Reviews

Peter Fischli And David Weiss

Fall 2011 James Yood

PETER FISCHLI AND DAVID WEISS

REVIEWS

What could be better than a very smart artist with a cunning sense of humor? How about two such artists working together in gleeful lifelong complicity? Swiss duo Peter Fischli and David Weiss have been a collaborative team since 1979, and their work is often marked by a penetrative but droll wit, a good-natured Mitteleuropa ironic shrug that finds subtle comedy (often accompanied by its close companion, wistful melancholy) a good way of unmasking life’s absurdities. Their first collaborative piece, The Sausage Photographs (1979) concerns wursts and sandwich meats playing various parts in bourgeois vignettes (scenes of carpet shops, car crashes, fashion shows, mountain climbing, etc.)—the sausages offered as little people and autos and the sliced meats as carpets and clothes. It’s a disarming bit of cleverness: a kind of Magrittean transformative gesture—a parallel universe occupied by encased meats who function pretty much as people do: they are banal, mundane, and preeningly theatrical. Photography documents these ten tabletop genre scenes, whose gentle tongue-in-cheek raillery made for a great début.
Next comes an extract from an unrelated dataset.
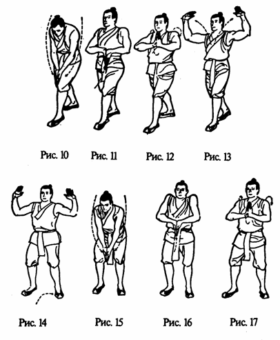 Затем обе руки идут сверху вниз, рисуя полукруг. Одновременно туловище сгибается и наклоняется вперед. Тяжесть тела переносится на левую ногу (рис. 10). Когда обе руки дойдут до колена левой ноги, ладони смыкаются и поднимаются вверх вдоль живота. Тяжесть тела перемещается на правую ногу (рис. 11). Когда сомкнутые ладони дойдут до груди и плечи опишут круг, повернуть их вверх в жесте приветствия (рис. 12). Затем ладони разомкнуть, руки поднять вверх, развести в стороны, рисуя дугу. Туловище наклонить вперед, тяжесть тела перенести на левую ногу и принять позу кошки в прыжке (рис. 13). Упражнение выполнялось в южном направлении.

Fischli and Weiss’s recent exhibition at the Art Institute, their first museum show in Chicago in more than twenty years, was itself a curatorial collaboration, organized by Matthew Witkovsky (the AlC’s curator of photography) and Lisa Dorin (associate curator of contemporary art). Dorin and Witkovsky were wise not to make the customary decision of trying to survey snippets of the artists’ entire thirty-year body of work; they concentrated instead on three pieces: the Sausage Photographs; seventy-one photographs from A Quiet Afternoon (1984-86); and the fifteen-projector, 1,215-slide installation Questions (1981/2002-3). While other Fischli-Weiss projects (it should be said that their film and video work was missed in this show) have often had a more forlorn air, here wit and whimsy embedded in the everyday are celebrated and wonderfully conveyed. A Quiet Afternoon is a relentless series of vernacular stuff— buckets, plastic bottles, tires, shoes, brushes, bits of wood, saws, plastic tubing, chairs, vases, and so on nearly ad infinitum—photographed in tortuously posed and precariously balanced assemblages, somewhat akin to Robert Rauschenberg Combines. But these are not sculptures; they are dozens and dozens of photographs of life’s effluvia caught just a moment before its inevitable collapse, a propped-up universe of the discarded and exhausted somehow made pertinent and active, given one last assertive gasp of being before arriving at the state of trash. The grimy warehouselike studio setting of these photographs emphasizes the atmosphere of detritus and abandonment, but there is in almost every image an exhilarative sense of gravity somehow defeated, a dancelike arabesque that seems victorious.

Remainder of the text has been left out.